Parallèlement, la hausse des prix de l’énergie a augmenté les coûts de production et de transport à travers l’Europe, obligeant de nombreuses entreprises à repenser leur réseau d’approvisionnement, chercher des fournisseurs alternatifs et optimiser les stocks pour rester compétitives dans un environnement très volatil.
En Espagne, urgence climatique et tensions sociales
En Espagne, la combinaison d’événements climatiques extrêmes et de tensions sociales a mis à l’épreuve la résilience de sa Supply Chain. La récente DANA (goutte froide) qui a frappé la Communauté valencienne a provoqué des inondations paralysant les centres logistiques, endommageant les infrastructures de transport et mettant hors service des milliers de magasins et d’entrepôts. Cette perturbation locale a eu des répercussions nationales, ralentissant la distribution des marchandises et interrompant les flux de stocks, notamment dans les secteurs de l’alimentation, du commerce de détail et de la distribution pharmaceutique.
À cela se sont ajoutés des niveaux croissants de tensions sociales. Les grèves des transports appelées en 2024 par les syndicats UGT et CCOO, ainsi que les arrêts sectoriels dans la logistique portuaire et ferroviaire, ont entraîné des perturbations fréquentes dans la circulation des marchandises.

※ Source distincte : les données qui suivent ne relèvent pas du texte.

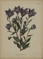 Growing to 60 cm (24 in) tall by 30 cm (12 in) wide, it is an herbaceous perennial with dark green leaves and blue flowers in late summer. A notable feature of the plant is the flower bud, which swells like a balloon before fully opening.[4] The five petals are fused together into a bell shape at the base, like its relatives, the campanulas.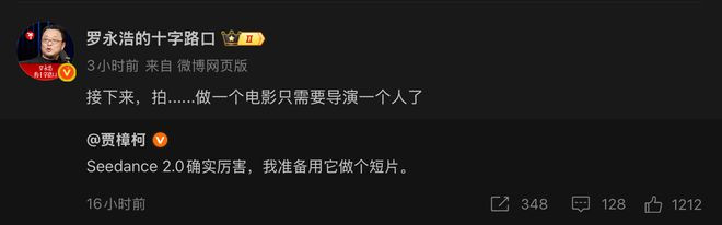 导演贾樟柯也在个东说念主微博账号发文称:“Seedance2.0如实蛮横,我准备用它作念个短片。”罗永浩转发该实质并暗示:接下来,作念一部电影只需要导演一个东说念主了。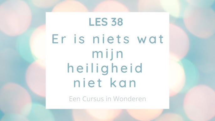 Dat maakt les 38 minder spectaculair dan sommigen hopen, maar ook veel radicaler. De les belooft geen macht over de wereld, geen vermogen om vorm naar believen te manipuleren. Ze wijst op iets anders: dat waar heiligheid volledig wordt toegelaten, geen enkele vorm van angst, schuld of conflict kan blijven bestaan. En omdat de wereld zoals wij die ervaren uit die conflicten is opgebouwd, kan de wereld daar niet onveranderd blijven.

Conclusion : renforcer la résilience des personnes et des Supply Chains est impératif
La panne d’avril a servi de test de résistance involontaire et a montré que, bien que les systèmes européens soient robustes, ils ne sont pas infaillibles. La reprise rapide des services et de la Supply Chain a contribué à limiter l’impact et les dégâts globaux. Cependant, cela nous montre l’importance d’être préparé et à quel point la résilience est essentielle pour anticiper les défaillances, minimiser l’impact des perturbations et accélérer la reprise.

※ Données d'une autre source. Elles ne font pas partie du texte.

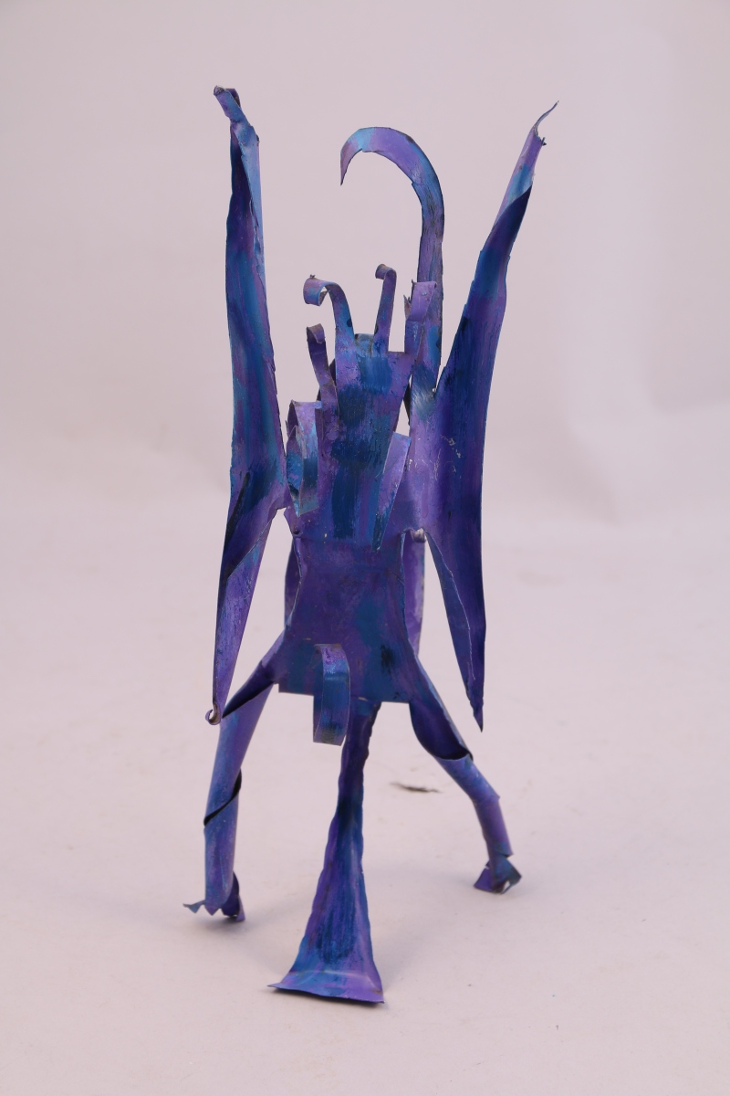 Sculpture en tôle peinte bleue.

Dans une des ironies de la vie, il y a tout juste un mois, la Commissaire européenne à la Préparation, à la Gestion des Crises et à l’Égalité, Hadja Lahbib, a conseillé aux citoyens de l’UE de se munir d’un kit de survie de 72 heures. De l’eau, des conserves, des équipements d’éclairage et une radio font partie des objets recommandés. En Espagne, cette suggestion avait d’abord été presque prise à la dérision. Aujourd’hui, la plaisanterie est moins drôle, et depuis la panne, de nombreux foyers ont commencé à suivre les recommandations de la Commission européenne.